EXERCISE BRIEF => The listing below is to be duplicated exactly, with every picture omitted.

SOURCE MATERIAL =>

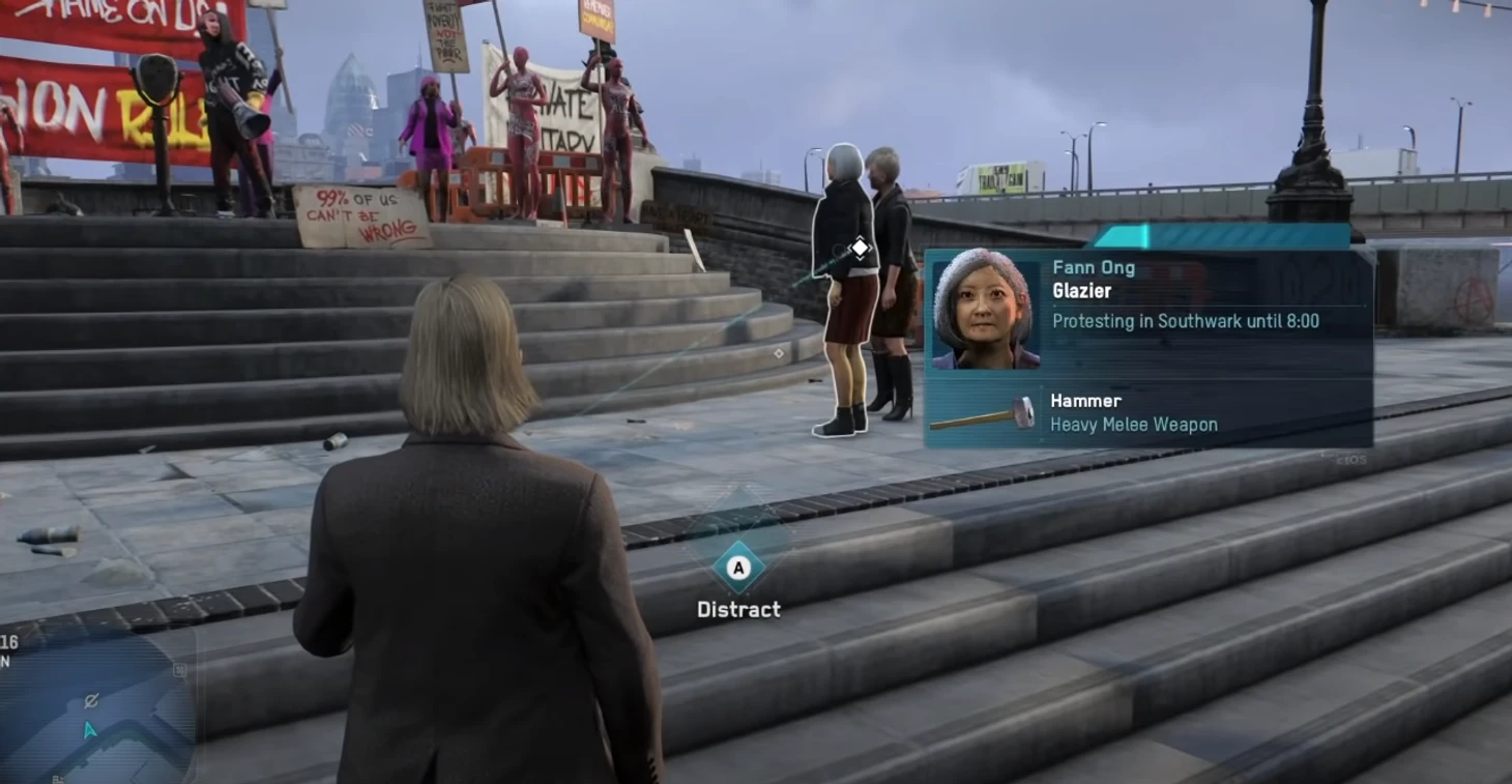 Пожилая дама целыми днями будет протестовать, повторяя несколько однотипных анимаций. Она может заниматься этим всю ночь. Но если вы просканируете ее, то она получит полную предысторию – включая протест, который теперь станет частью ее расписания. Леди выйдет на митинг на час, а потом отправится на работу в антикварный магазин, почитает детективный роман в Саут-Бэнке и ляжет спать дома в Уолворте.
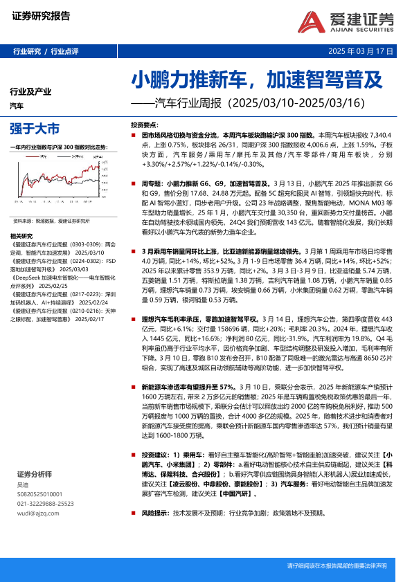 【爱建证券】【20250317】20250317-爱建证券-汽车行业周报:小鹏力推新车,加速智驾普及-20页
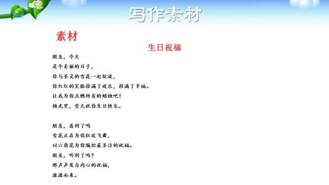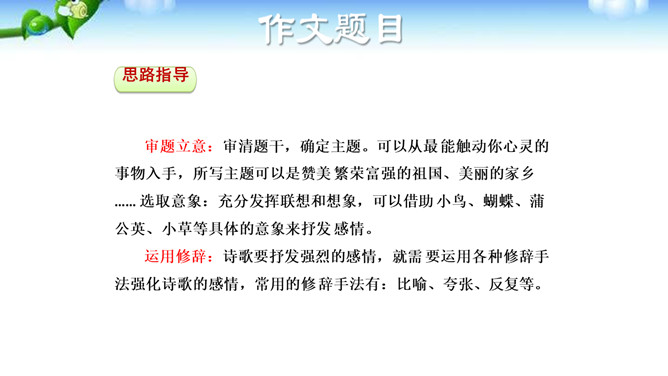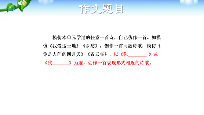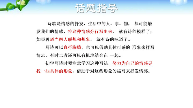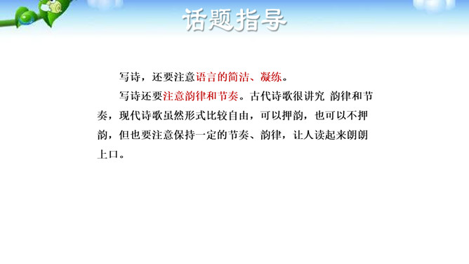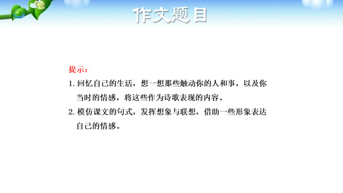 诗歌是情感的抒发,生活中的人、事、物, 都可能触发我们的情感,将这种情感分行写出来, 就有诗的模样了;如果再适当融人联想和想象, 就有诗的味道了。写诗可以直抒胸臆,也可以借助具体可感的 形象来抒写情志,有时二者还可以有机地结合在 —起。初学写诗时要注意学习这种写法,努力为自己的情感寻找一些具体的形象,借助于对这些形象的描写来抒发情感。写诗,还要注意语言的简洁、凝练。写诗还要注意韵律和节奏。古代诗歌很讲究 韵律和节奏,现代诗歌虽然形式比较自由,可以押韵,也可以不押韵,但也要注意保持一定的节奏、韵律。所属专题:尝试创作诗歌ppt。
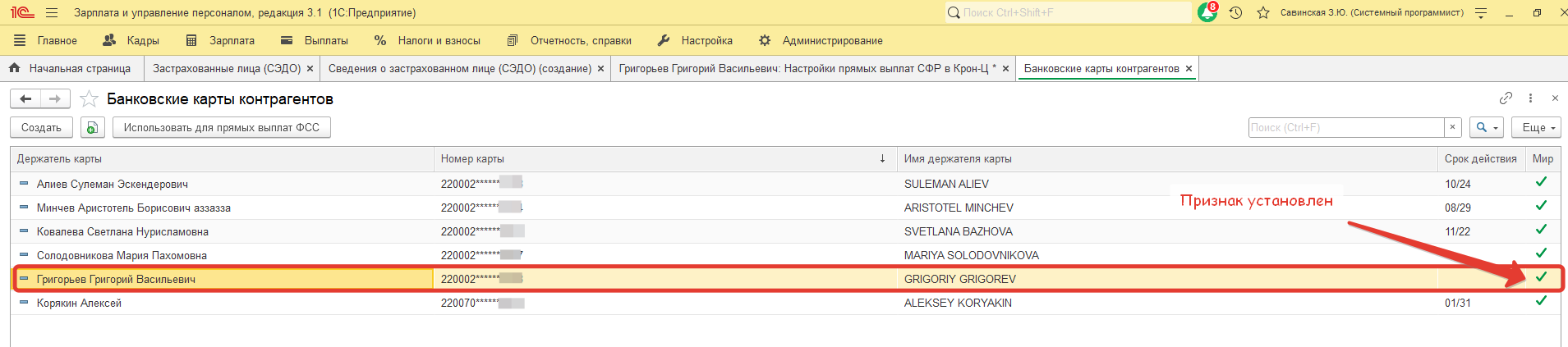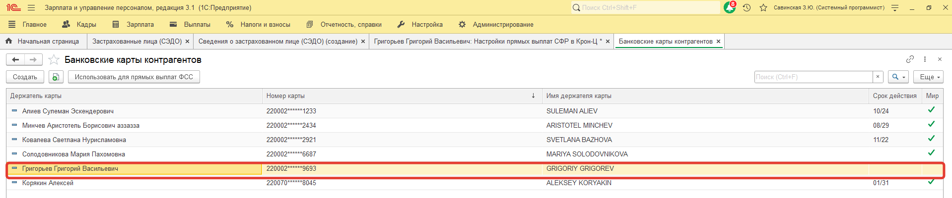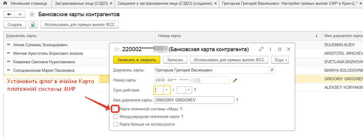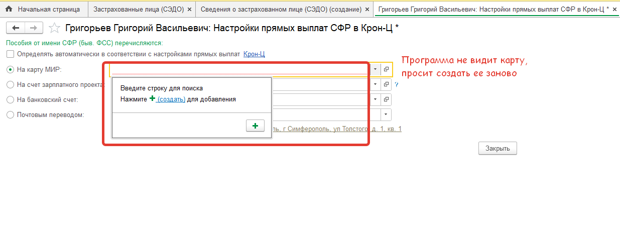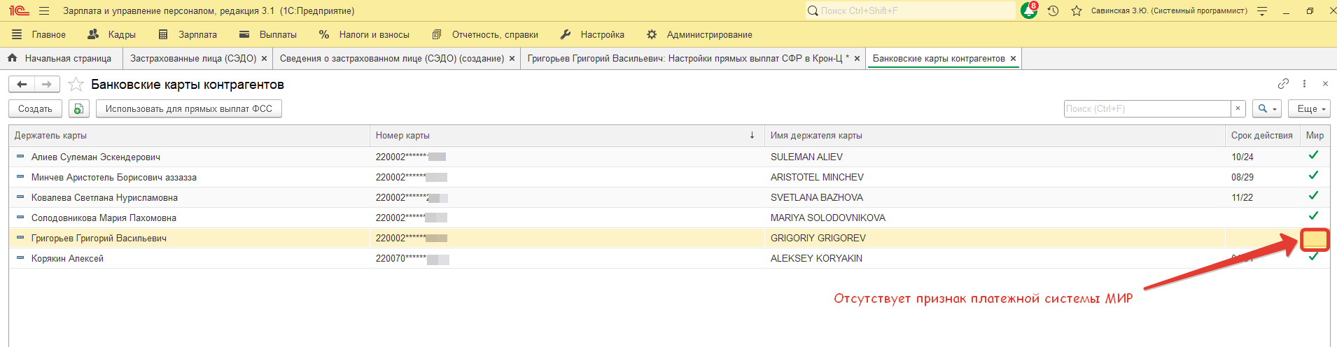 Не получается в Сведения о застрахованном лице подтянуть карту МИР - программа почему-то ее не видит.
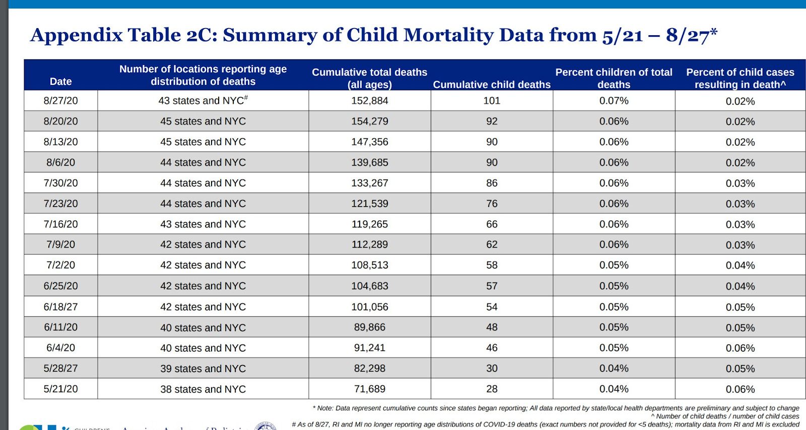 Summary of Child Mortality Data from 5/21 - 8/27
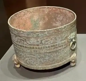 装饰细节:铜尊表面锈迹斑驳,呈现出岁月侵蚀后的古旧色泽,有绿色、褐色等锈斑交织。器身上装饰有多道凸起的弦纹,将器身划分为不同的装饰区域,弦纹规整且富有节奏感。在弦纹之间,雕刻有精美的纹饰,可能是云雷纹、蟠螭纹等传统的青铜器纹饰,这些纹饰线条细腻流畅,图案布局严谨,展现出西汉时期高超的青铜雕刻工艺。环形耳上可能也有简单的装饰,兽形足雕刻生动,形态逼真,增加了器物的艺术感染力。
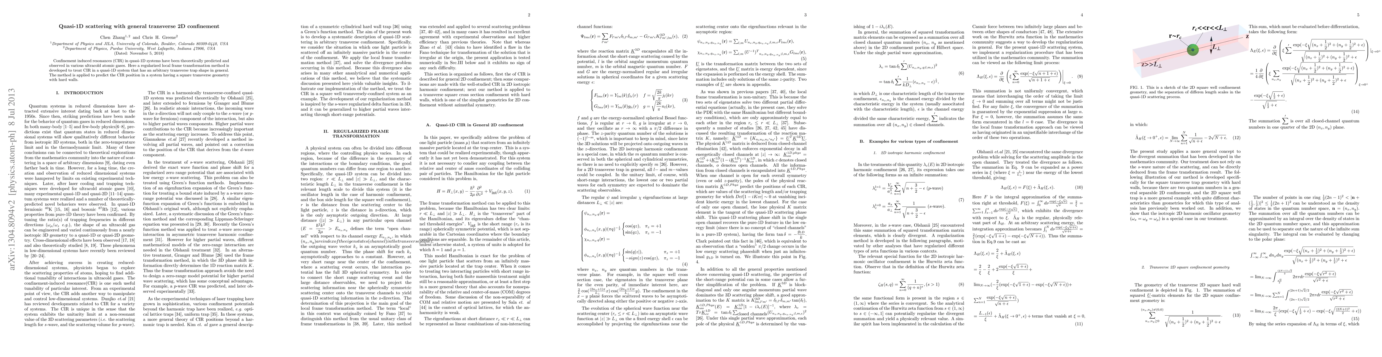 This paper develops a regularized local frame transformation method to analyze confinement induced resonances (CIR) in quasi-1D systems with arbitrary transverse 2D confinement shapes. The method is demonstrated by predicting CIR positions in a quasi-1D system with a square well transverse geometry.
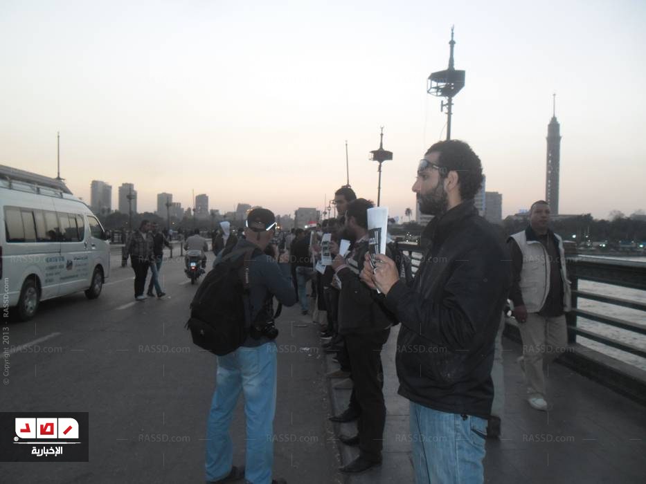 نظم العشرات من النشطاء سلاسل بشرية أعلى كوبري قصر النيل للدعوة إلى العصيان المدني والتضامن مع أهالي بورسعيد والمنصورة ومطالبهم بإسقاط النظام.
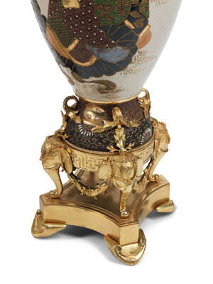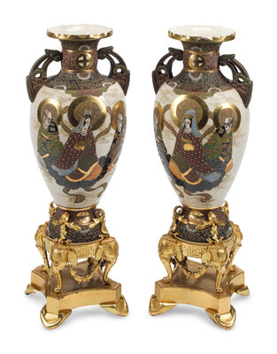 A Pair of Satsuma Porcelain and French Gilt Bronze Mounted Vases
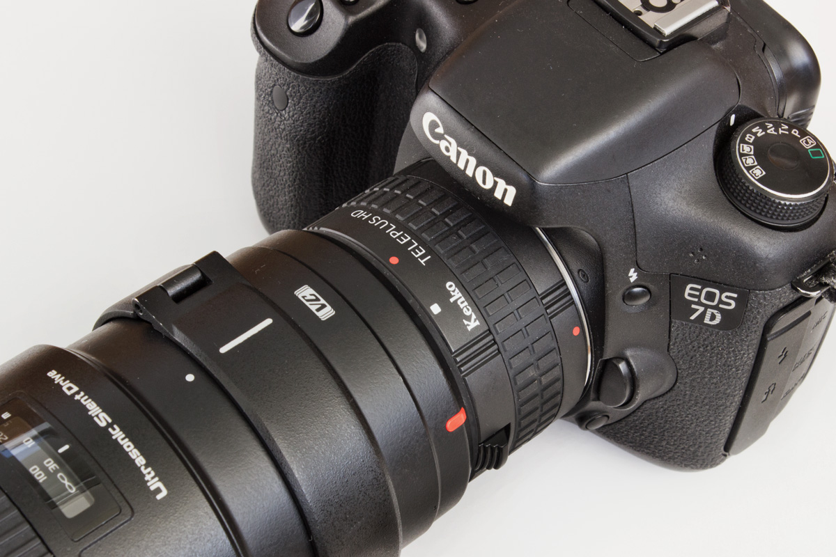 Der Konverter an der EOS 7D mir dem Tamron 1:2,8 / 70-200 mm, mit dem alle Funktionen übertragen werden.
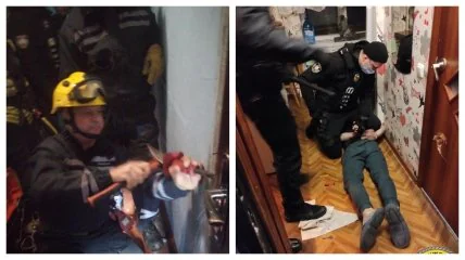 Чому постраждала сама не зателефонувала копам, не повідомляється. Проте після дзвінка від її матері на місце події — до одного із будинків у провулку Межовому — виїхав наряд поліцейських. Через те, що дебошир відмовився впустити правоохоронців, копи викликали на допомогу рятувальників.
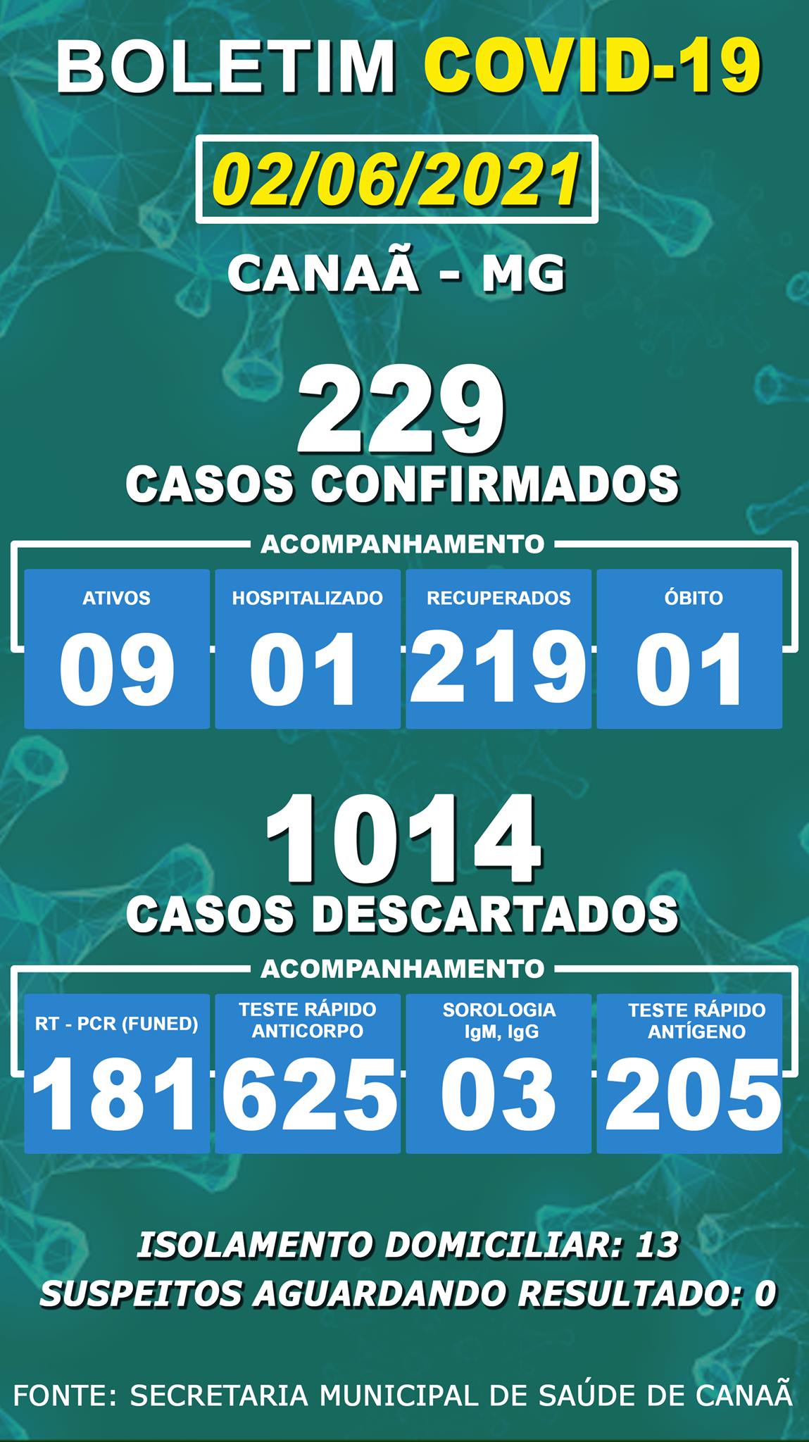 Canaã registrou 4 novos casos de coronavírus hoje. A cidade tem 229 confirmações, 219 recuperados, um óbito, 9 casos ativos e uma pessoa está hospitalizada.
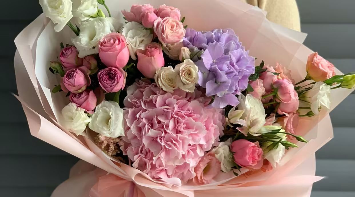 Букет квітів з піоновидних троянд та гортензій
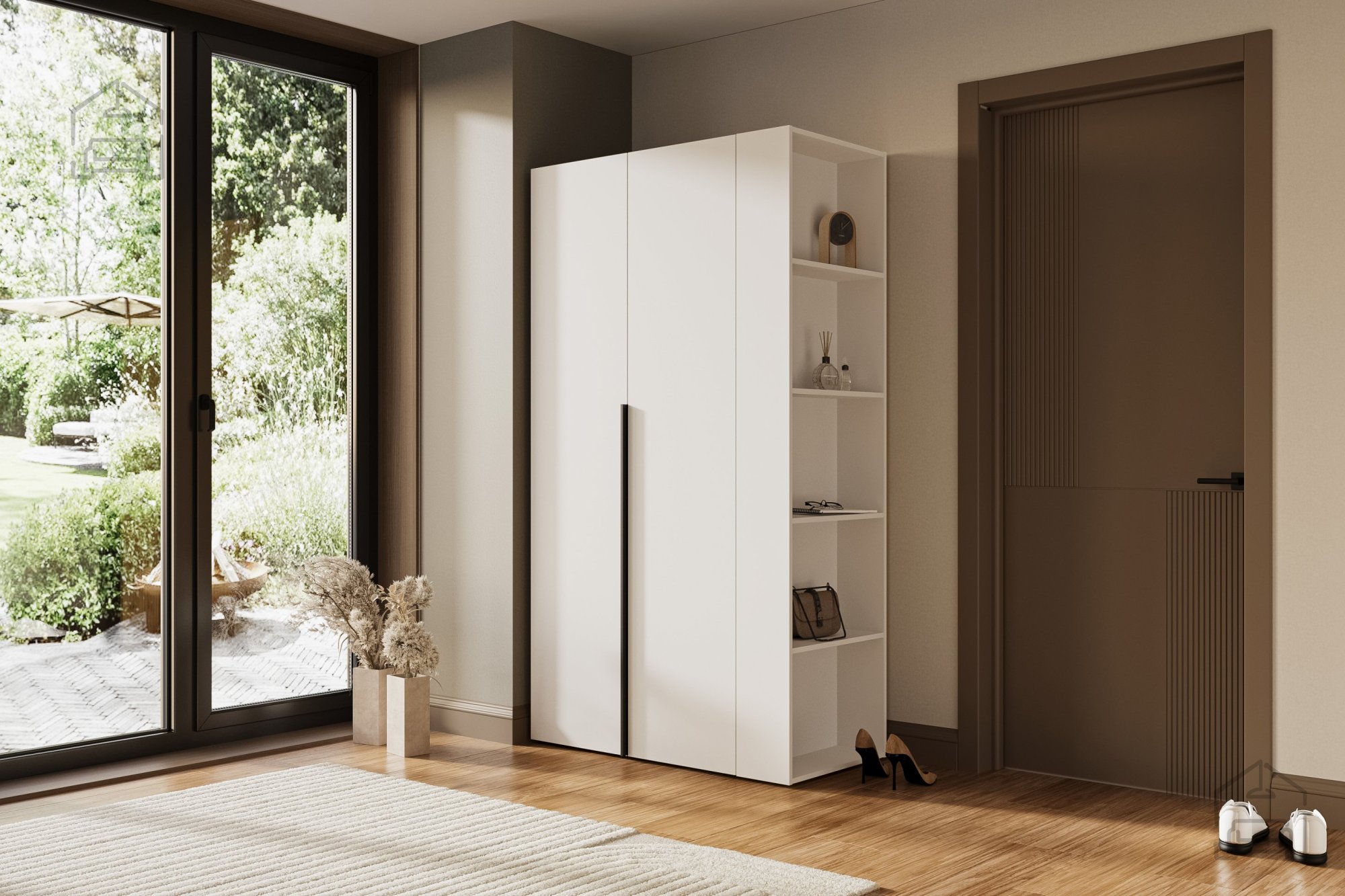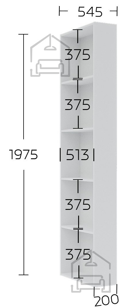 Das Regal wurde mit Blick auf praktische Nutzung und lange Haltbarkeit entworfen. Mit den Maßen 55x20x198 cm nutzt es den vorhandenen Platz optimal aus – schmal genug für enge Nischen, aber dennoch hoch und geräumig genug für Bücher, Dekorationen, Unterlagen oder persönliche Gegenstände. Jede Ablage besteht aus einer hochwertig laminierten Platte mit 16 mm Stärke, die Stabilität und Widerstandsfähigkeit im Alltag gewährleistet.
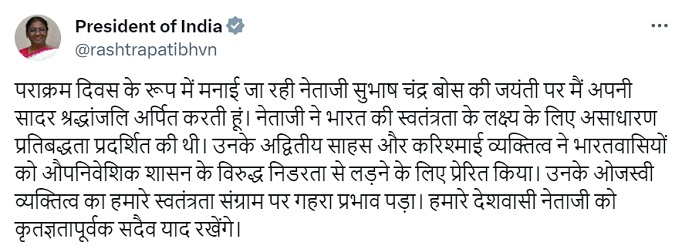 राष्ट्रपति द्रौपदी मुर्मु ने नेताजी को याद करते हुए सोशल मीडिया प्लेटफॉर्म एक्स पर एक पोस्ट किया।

RESULT =>
 Пожилая дама целыми днями будет протестовать, повторяя несколько однотипных анимаций. Она может заниматься этим всю ночь. Но если вы просканируете ее, то она получит полную предысторию – включая протест, который теперь станет частью ее расписания. Леди выйдет на митинг на час, а потом отправится на работу в антикварный магазин, почитает детективный роман в Саут-Бэнке и ляжет спать дома в Уолворте.
 【爱建证券】【20250317】20250317-爱建证券-汽车行业周报:小鹏力推新车,加速智驾普及-20页
 诗歌是情感的抒发,生活中的人、事、物, 都可能触发我们的情感,将这种情感分行写出来, 就有诗的模样了;如果再适当融人联想和想象, 就有诗的味道了。写诗可以直抒胸臆,也可以借助具体可感的 形象来抒写情志,有时二者还可以有机地结合在 —起。初学写诗时要注意学习这种写法,努力为自己的情感寻找一些具体的形象,借助于对这些形象的描写来抒发情感。写诗,还要注意语言的简洁、凝练。写诗还要注意韵律和节奏。古代诗歌很讲究 韵律和节奏,现代诗歌虽然形式比较自由,可以押韵,也可以不押韵,但也要注意保持一定的节奏、韵律。所属专题:尝试创作诗歌ppt。
 Не получается в Сведения о застрахованном лице подтянуть карту МИР - программа почему-то ее не видит.
 Summary of Child Mortality Data from 5/21 - 8/27
 装饰细节:铜尊表面锈迹斑驳,呈现出岁月侵蚀后的古旧色泽,有绿色、褐色等锈斑交织。器身上装饰有多道凸起的弦纹,将器身划分为不同的装饰区域,弦纹规整且富有节奏感。在弦纹之间,雕刻有精美的纹饰,可能是云雷纹、蟠螭纹等传统的青铜器纹饰,这些纹饰线条细腻流畅,图案布局严谨,展现出西汉时期高超的青铜雕刻工艺。环形耳上可能也有简单的装饰,兽形足雕刻生动,形态逼真,增加了器物的艺术感染力。
 This paper develops a regularized local frame transformation method to analyze confinement induced resonances (CIR) in quasi-1D systems with arbitrary transverse 2D confinement shapes. The method is demonstrated by predicting CIR positions in a quasi-1D system with a square well transverse geometry.
 نظم العشرات من النشطاء سلاسل بشرية أعلى كوبري قصر النيل للدعوة إلى العصيان المدني والتضامن مع أهالي بورسعيد والمنصورة ومطالبهم بإسقاط النظام.
 A Pair of Satsuma Porcelain and French Gilt Bronze Mounted Vases
 Der Konverter an der EOS 7D mir dem Tamron 1:2,8 / 70-200 mm, mit dem alle Funktionen übertragen werden.
 Чому постраждала сама не зателефонувала копам, не повідомляється. Проте після дзвінка від її матері на місце події — до одного із будинків у провулку Межовому — виїхав наряд поліцейських. Через те, що дебошир відмовився впустити правоохоронців, копи викликали на допомогу рятувальників.
 Canaã registrou 4 novos casos de coronavírus hoje. A cidade tem 229 confirmações, 219 recuperados, um óbito, 9 casos ativos e uma pessoa está hospitalizada.
 Букет квітів з піоновидних троянд та гортензій
 Das Regal wurde mit Blick auf praktische Nutzung und lange Haltbarkeit entworfen. Mit den Maßen 55x20x198 cm nutzt es den vorhandenen Platz optimal aus – schmal genug für enge Nischen, aber dennoch hoch und geräumig genug für Bücher, Dekorationen, Unterlagen oder persönliche Gegenstände. Jede Ablage besteht aus einer hochwertig laminierten Platte mit 16 mm Stärke, die Stabilität und Widerstandsfähigkeit im Alltag gewährleistet.
 राष्ट्रपति द्रौपदी मुर्मु ने नेताजी को याद करते हुए सोशल मीडिया प्लेटफॉर्म एक्स पर एक पोस्ट किया।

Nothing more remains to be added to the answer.